Passage de vies : pour une naissance libre

Sage-femme, quel beau métier ! Pourtant, celui-ci a bien
changé depuis ses origines. De savoir-faire reposant sur
l'expérience, l'art de la sage-femme s'est mué en pratique
soumise à la science obstétricale et à ses techniques interventionnistes.
Pour le meilleur comme pour le pire. Dans ce livre,
Joëlle Terrien nous invite à explorer l'Histoire mais aussi le présent,
pour tenter de comprendre le processus d'hyper-médicalisation
de la naissance. Mais si elle dénonce la «pathologisation»
d'une compétence féminine fondamentale, Joëlle n'en renonce
pas pour autant à la rigueur scientifique. A l'investigation historique
et à l'analyse sociologique vient alors s'ajouter une
réflexion sur la physiologie de la naissance, qui considère le
corps vivant et en mouvement libre. La genèse du placenta,
l'hémodilution et l'anémie, le diabète gestationnel et le «gros
bébé», la césarienne, la douleur, sont autant de thèmes démystifiés
car abordés selon un point de vue qui considère la grossesse
et l'enfantement comme normaux, c'est-à-dire ayant leurs
propres normes. Car le corps de la femme, qui est un «corps
propre» et pas un «corps médical», a besoin de liberté de mouvement
pour remplir au mieux son rôle de «passeur de vies».
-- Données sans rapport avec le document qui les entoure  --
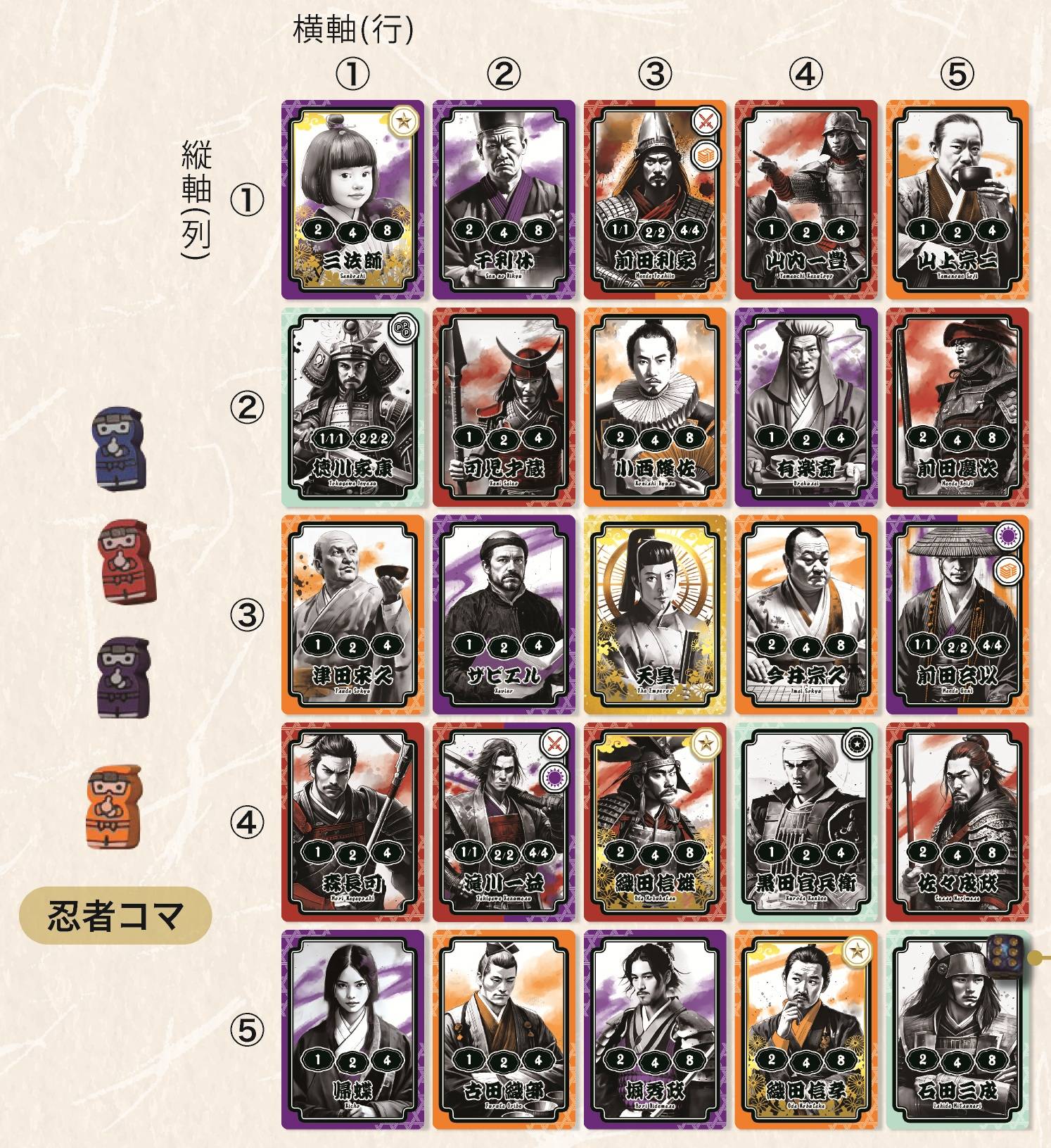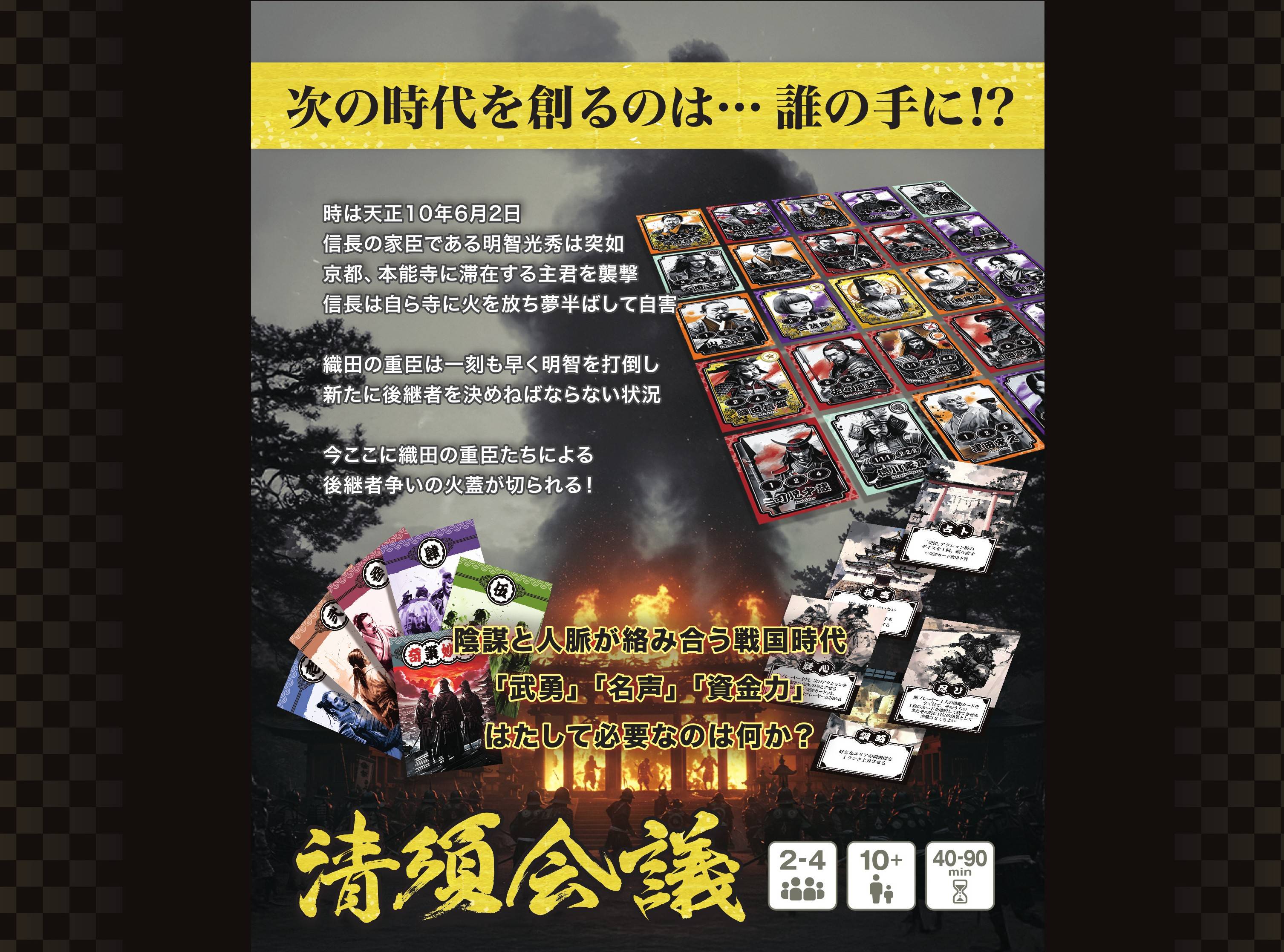 このゲームは、本能寺の変後の織田家を舞台にした影響力獲得ゲームです。プレーヤーは織田家の重臣となり、各地の重要人物(有力者)を味方につけて発言力を高めます。他の重臣たちと後継者の座を争い、誰が信長亡き後の天下を握るのか。策謀を巡らせ、歴史の勝者を目指しましょう。
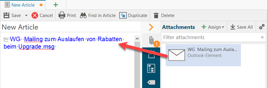 Inserting the link from the email program directly into the article is not possible for technical reasons.
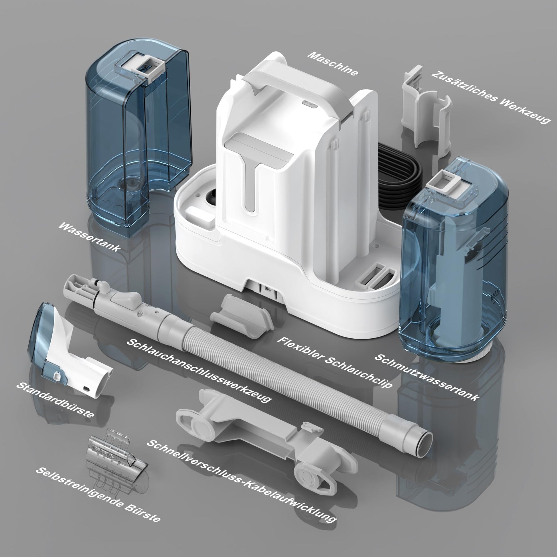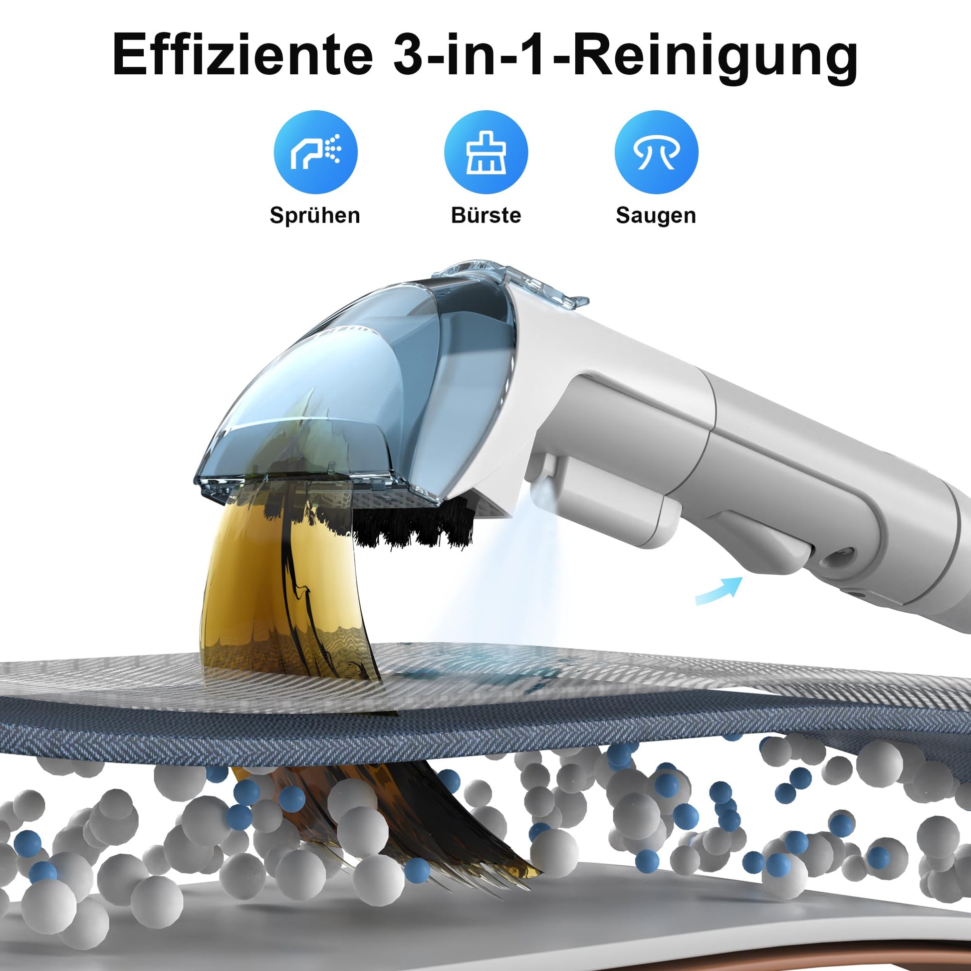 - 3-in-1-Reinigungssystem: Das Gerät vereint die Funktionen Sprühen, Bürsten und Saugen in einem Arbeitsgang, um eine maximale Reinigungseffizienz zu gewährleisten.
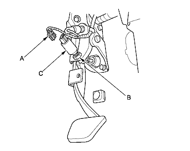 2. Loosen the locknut (B), then remove the clutch pedal position switch (C).
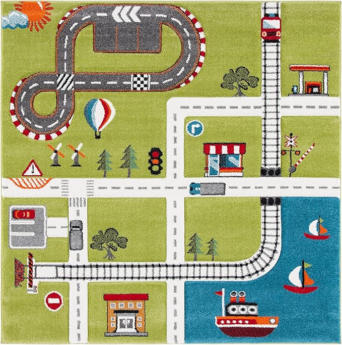 SAFAVIEH Carousel Kids Collection 5'3" Square Green / Ivory CRK192Y Neighborhood Nursery Playroom Area Rug

Alors, dans un troisième registre littéraire, celui de la conteuse
et de la poétesse, Joëlle nous invite dans l'intimité des femmes
qu'elle a accompagnées, en nous livrant des récits de naissance
sublimes et émouvants. Des naissances «naturelles» ou physiologiques,
des naissances libres ou autonomes, des naissances
sauvages ou animales. Des naissances heureuses, le lieu important
peu, au fond. C'est cette vision de la naissance respectée dans
son processus que cultive et transmet Joëlle Terrien. Son livre
est une invitation à changer de point de vue sur le «passage de
vies» que sont le corps de la femme et la mise au monde.